Note that while our --info-re= has obviously covered http://en.wikipedia.org/wiki/Free_content, no HEAD request was made to the page, as our --input=state.a file already had the relevant information.

Also, as all the URIs we wanted for Head-r to consider were already listed in state.a, it was unnecessary to specify any URIs at the command line. When the URIs come from both command line arguments and --input= files, those coming from command line are considered first.

Compression

edit

As recursing through large Web sites may result in large output lists, Head-r provides support for compression of output data.

The --bzip2 (-j) and --gzip (-z) options select the compression method to use for the output file (either specified with --output=, or standard output.) Head-r, however, will exit with an error if compression is enabled and the output goes to a terminal device.

Head-r transparently decompresses the files given as inputs (--input=), thanks to the IO::Uncompress::AnyUncompress library.

Adjusting HTTP client behavior

edit

There’re two options which influence the behavior of the HTTP client used by Head-r: --wait= (-w) and --user-agent= (-U.)

The --wait= option specifies the amount of time, in seconds, to wait between two consecutive HTTP requests. The default is about 2.7 seconds.

The --user-agent= option specifies the value for the User-Agent: header to use in HTTP requests, and may come handy should the target server block access based on this header’s data. The default is composed of the string HEAD-R-Bot/, the Head-r’s own version, and the identity of the libwww-perl library used. For example: HEAD-R-Bot/0.1 libwww-perl/6.05.

Bugs

edit

Please consider reporting any bugs in the Head-r software not listed below via the CPAN RT, https://rt.cpan.org/Public/Dist/Display.html?Name=head-r. The bugs in this documentation should be reported to the respective Wikibooks Talk page – or you may actually fix them yourself!

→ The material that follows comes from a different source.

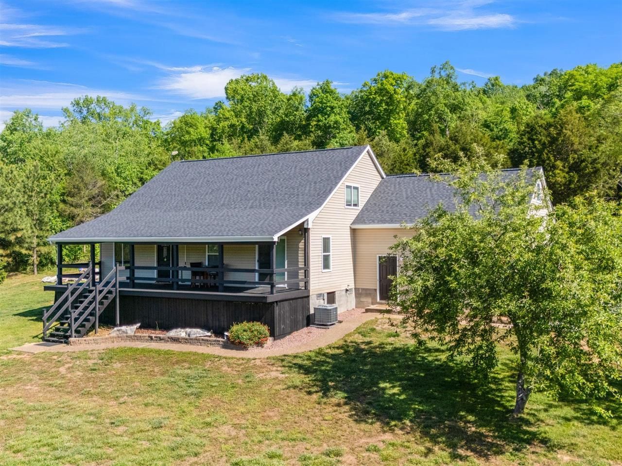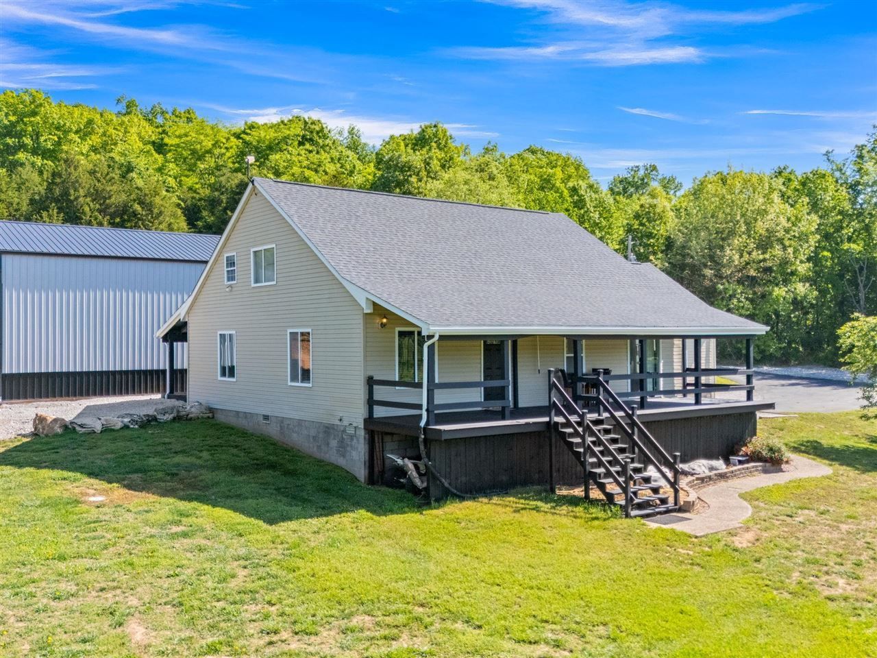 Private country setting with beautiful views off of your covered porches. Features five bedrooms, with two full baths. Master bedroom is on the main floor. Has a brand new roof, new HVAC unit, and new flooring on the main floor. The property also sits on a 2 acre lot. It also includes an attached garage and detached 30 x 50 shop that is 16ft tall to allow for a lift, and plumbing for a potential bathroom!

As for any other automatic retrieval tool, it isn’t impossible to abuse Head-r to cause excessive load on third-party servers. The user is advised to consider the network environment when using the tool, and especially when lowering the --wait= setting, and raising the maximum recursion --depth= beyond reasonable values.

There’s currently no way to disable the /robots.txt file processing.

The code only tries to retrieve URIs from content marked with text/html media type, even though it seems as if the support for application/xhtml+xml (and perhaps several other XML-based types, such as SVG) could be implemented rather easily.

The resource to retrieve URIs from is first loaded into memory, while it should be possible to process it on-the-fly.

The handling of recursion depths retrieved from --input= files may be somewhat unintuitive, and out of the user’s control. (Although it’s still possible to edit such files using third-party tools, such as AWK.)

The code implements a trivial work-around for the long-standing Net::HTTP bug #29468.

Availability

edit

The latest stable version of the code is available from CPAN. Check, for instance, the respective Metacpan page at https://metacpan.org/release/head-r.

The latest development version could be downloaded from a Git repository, like:

$ git clone -- \
      http://am-1.org/~ivan/archives/git/head-r-2013.git/ head-r 

A Gitweb interface is available at http://am-1.org/~ivan/archives/git/gitweb.cgi?p=head-r-2013.git.

Author

edit

Head-r is written by Ivan Shmakov.

Head-r is free software: you can redistribute it and/or modify it under the terms of the GNU General Public License as published by the Free Software Foundation, either version 3 of the License, or (at your option) any later version.

This documentation is a free collaborative project going on at Wikibooks, and is available under the Creative Commons Attribution/Share-Alike License (CC BY-SA) version 3.0.